* _About this exercise_
Beginning with the first line below, retype exactly each line through the one containing "Die Anwendung von". Leave out all pictures.

* _Listed entries_
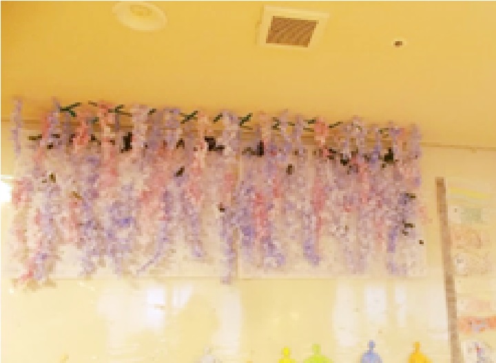 今月、食堂は藤が天井まで覆いつくし鯉のぼりがゆらゆらと泳いでいます🐡
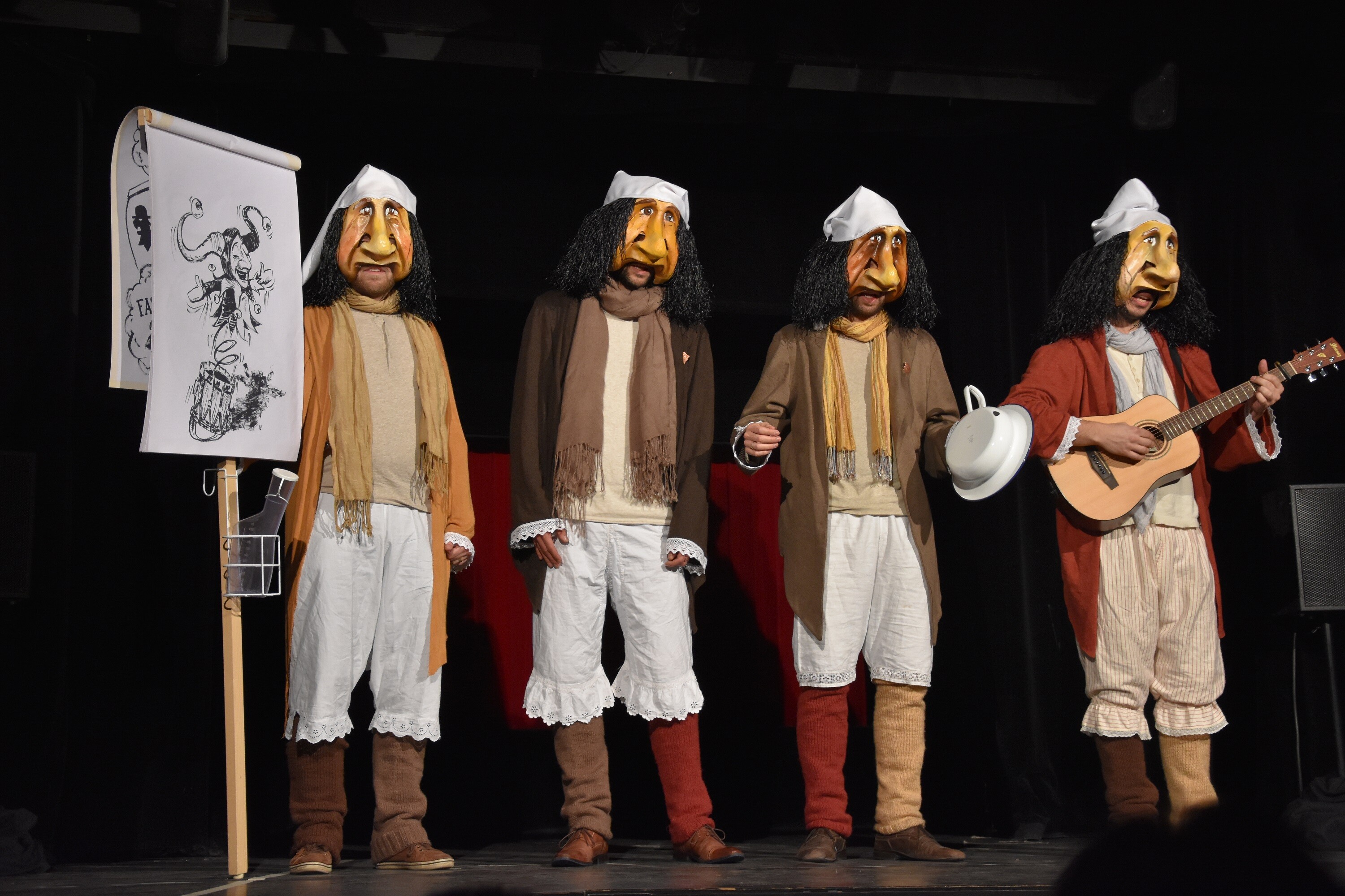 Sehr dosiert gibt es auch Fasnachtsmusik, dafür aber in hoher Qualität. Speziell gefallen hat ein Meadley aus Krimi-Melodien, gepfiffen von der Pfeifergruppe Ego-Säu, visuell hervorragend untermalt von Puppen-Szenen. Ein Reisser auch das „Duell“ zwischen einem Tambour und einer gleich angezogenen Puppe. Und im zweiten Teil gefiel ein – wenn auch zu Beginn etwas zaghaft getrommelter – „Ungar“ (Pfeifertext Cornelius Buser, Trommeltext Patrick Hersberger).
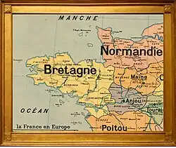 Bretaña (en francés: ⓘ; en bretón: Breizh, [bʁɛjs], [bʁɛx];[1] en galó: Bertaèyn [bəʁtaɛɲ]) es una península, un país histórico y una región cultural en el noroeste de la Francia moderna. Esta región comprende la parte occidental de lo que se conocía como Armórica durante el periodo de ocupación romana. Con el tiempo, evolucionó para convertirse en un reino independiente y posteriormente en un ducado antes de unirse al Reino de Francia en 1532. Desde entonces, ha sido gobernada como una provincia autónoma bajo la Corona francesa.
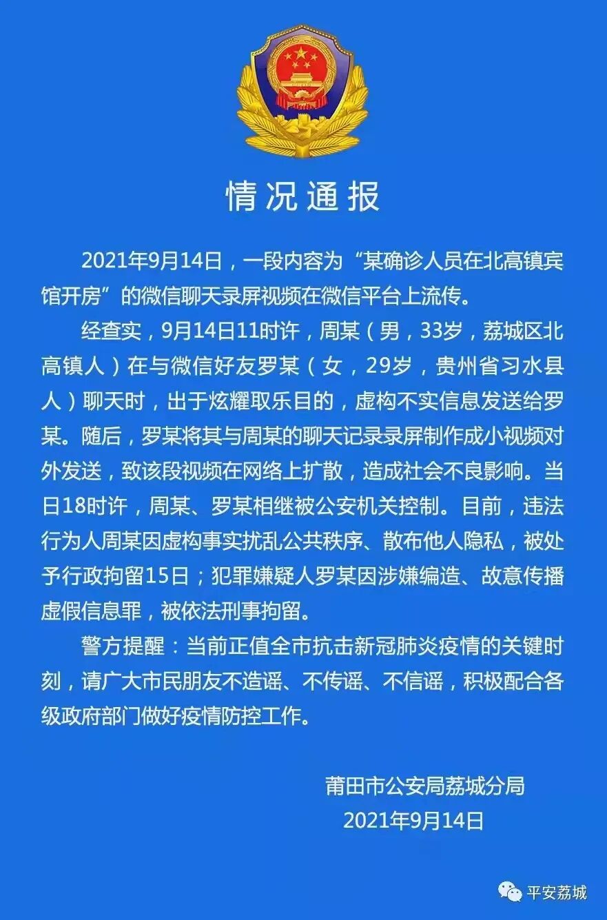 2021年9月14日,一段內容為“某確診人員在北高鎮賓館開房”的微信聊天錄屏視頻在微信平臺上流傳。
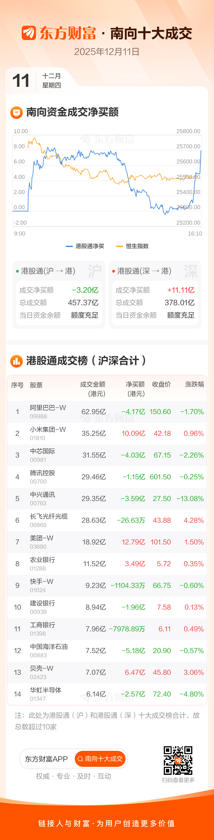 12月11日南向资金净买逾7亿港元,逾12亿抢筹美团-W
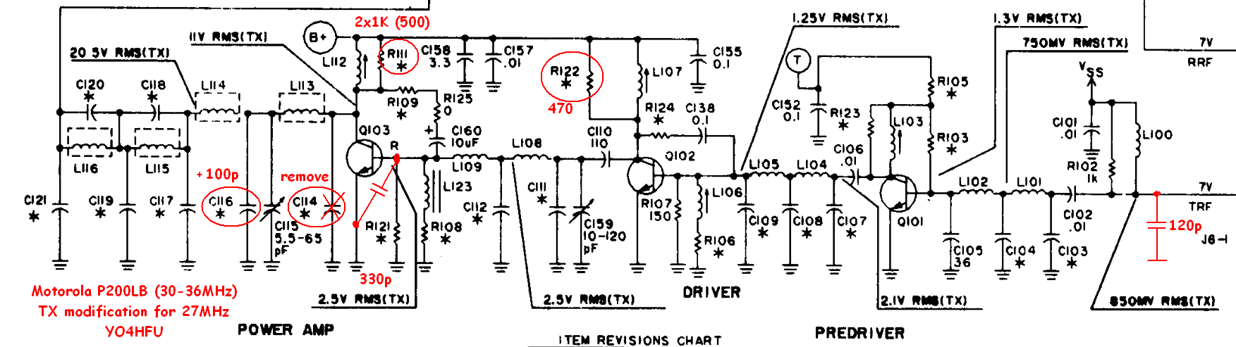 Coupling capacitors are located between LC circuits and transistors base, were increased from 10pF to 18pF for RX and from 17pF to 40pF (22+18pF) for TX.
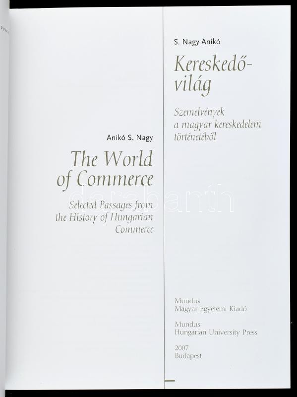 S. Nagy Anikó: Kereskedővilág. Szemelvények a magyar kereskedelem tört... https://www.darabanth.com/en/414-Online-auction/414.0/Books/Books-Other-rarities~1000024/S-Nagy-Aniko-Kereskedovilag-Szemelvenyek-a-magyar-kereskedelem-tortenetebol-The-World-~II2594061
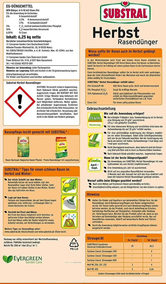 Die Anwendung von Substral Herbstrasendünger ist vom Spätsommer bis zum Herbst empfehlenswert. Eine Anwendung im Jahr ist ausreichend.
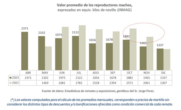 En este contexto, el mercado de reproductores terminó ajustando vía precios. De acuerdo a las estadísticas que surgen de las ventas realizadas en los principales remates y exposiciones del país, los valores pagados por los reproductores machos este año resultaron significativamente inferiores a los de 2022. Medido en kilos equivalentes de novillo, el valor promedio de los reproductores comercializados durante la presente campaña se situó en torno a 1.760 kilos, que, comparado con los 2.500 kilos promedio resultantes de la zafra anterior, marca un retroceso promedio del 30% anual.
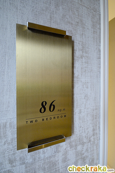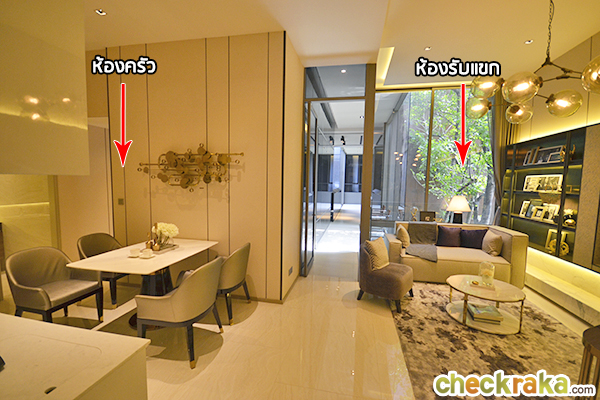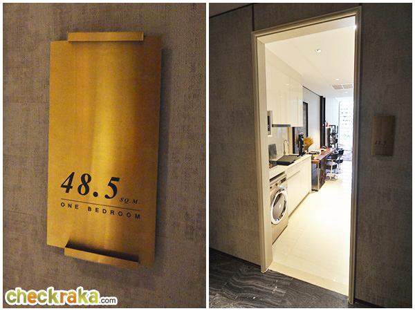 ประตูห้องจริงจะเป็น Digital Door Lock จาก Yale เช่นเดียวกับห้องแบบ 1 ห้องนอนค่ะ เดินเข้ามาจะเจอห้องครัวด้านซ้ายมือ และห้องรับแขกด้านขวามือค่ะ ประตูกระจกด้านหลังเปิดทะลุไประเบียงได้

* _Solution for this task_
 今月、食堂は藤が天井まで覆いつくし鯉のぼりがゆらゆらと泳いでいます🐡
 Sehr dosiert gibt es auch Fasnachtsmusik, dafür aber in hoher Qualität. Speziell gefallen hat ein Meadley aus Krimi-Melodien, gepfiffen von der Pfeifergruppe Ego-Säu, visuell hervorragend untermalt von Puppen-Szenen. Ein Reisser auch das „Duell“ zwischen einem Tambour und einer gleich angezogenen Puppe. Und im zweiten Teil gefiel ein – wenn auch zu Beginn etwas zaghaft getrommelter – „Ungar“ (Pfeifertext Cornelius Buser, Trommeltext Patrick Hersberger).
 Bretaña (en francés: ⓘ; en bretón: Breizh, [bʁɛjs], [bʁɛx];[1] en galó: Bertaèyn [bəʁtaɛɲ]) es una península, un país histórico y una región cultural en el noroeste de la Francia moderna. Esta región comprende la parte occidental de lo que se conocía como Armórica durante el periodo de ocupación romana. Con el tiempo, evolucionó para convertirse en un reino independiente y posteriormente en un ducado antes de unirse al Reino de Francia en 1532. Desde entonces, ha sido gobernada como una provincia autónoma bajo la Corona francesa.
 2021年9月14日,一段內容為“某確診人員在北高鎮賓館開房”的微信聊天錄屏視頻在微信平臺上流傳。
 12月11日南向资金净买逾7亿港元,逾12亿抢筹美团-W
 Coupling capacitors are located between LC circuits and transistors base, were increased from 10pF to 18pF for RX and from 17pF to 40pF (22+18pF) for TX.
 S. Nagy Anikó: Kereskedővilág. Szemelvények a magyar kereskedelem tört... https://www.darabanth.com/en/414-Online-auction/414.0/Books/Books-Other-rarities~1000024/S-Nagy-Aniko-Kereskedovilag-Szemelvenyek-a-magyar-kereskedelem-tortenetebol-The-World-~II2594061
 Die Anwendung von Substral Herbstrasendünger ist vom Spätsommer bis zum Herbst empfehlenswert. Eine Anwendung im Jahr ist ausreichend.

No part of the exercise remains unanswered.